Matthew DosSantos DiSorbo, Harang Ju, Sinan Aral

Large language models (LLMs), initially developed for generative AI, are now evolving into agentic AI systems, which make decisions in complex, real-world contexts. Unfortunately, while their generative capabilities are well-documented, their decision-making processes remain poorly understood. This is particularly evident when testing targeted decision-making: for instance, how models handle exceptions, a critical and challenging aspect of decision-making made relevant by the inherent incompleteness of contracts. Here we demonstrate that LLMs, even ones that excel at reasoning, deviate significantly from human judgments because they adhere strictly to policies, even when such adherence is impractical, suboptimal, or even counterproductive.

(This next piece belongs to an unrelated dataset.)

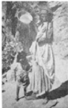
تافره‌نژکی تاوره له شپۆی گەلی گەنم به بەیا دەکا
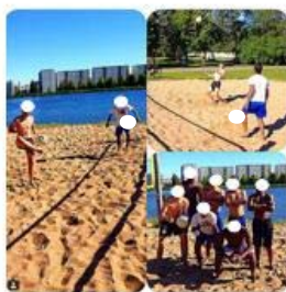
Figura 4- Postagem JFi1 em seu Instagram

JFi1 #invictos #feijaomarcos #futvolei #dayoff #finland #brasil (JFi1, 3 de Julho 2014, Instagram)

We then evaluate three approaches to tuning AI agents to handle exceptions: ethical framework prompting, chain-of-thought reasoning, and supervised fine-tuning. We find that while ethical framework prompting fails and chain-of-thought prompting provides only slight improvements, supervised fine-tuning - specifically with human explanations - yields markedly better results. Surprisingly, in our experiments, supervised fine-tuning even enabled models to generalize human-like decision-making to novel scenarios, demonstrating transfer learning of human-aligned decision-making across contexts. Furthermore, fine-tuning with explanations, not just labels, was critical for alignment, suggesting that aligning LLMs with human judgment requires explicit training on how decisions are made, not just which decisions are made. These findings highlight the need to address LLMs' shortcomings in handling exceptions in order to guide the development of agentic AI toward models that can effectively align with human judgment and simultaneously adapt to novel contexts.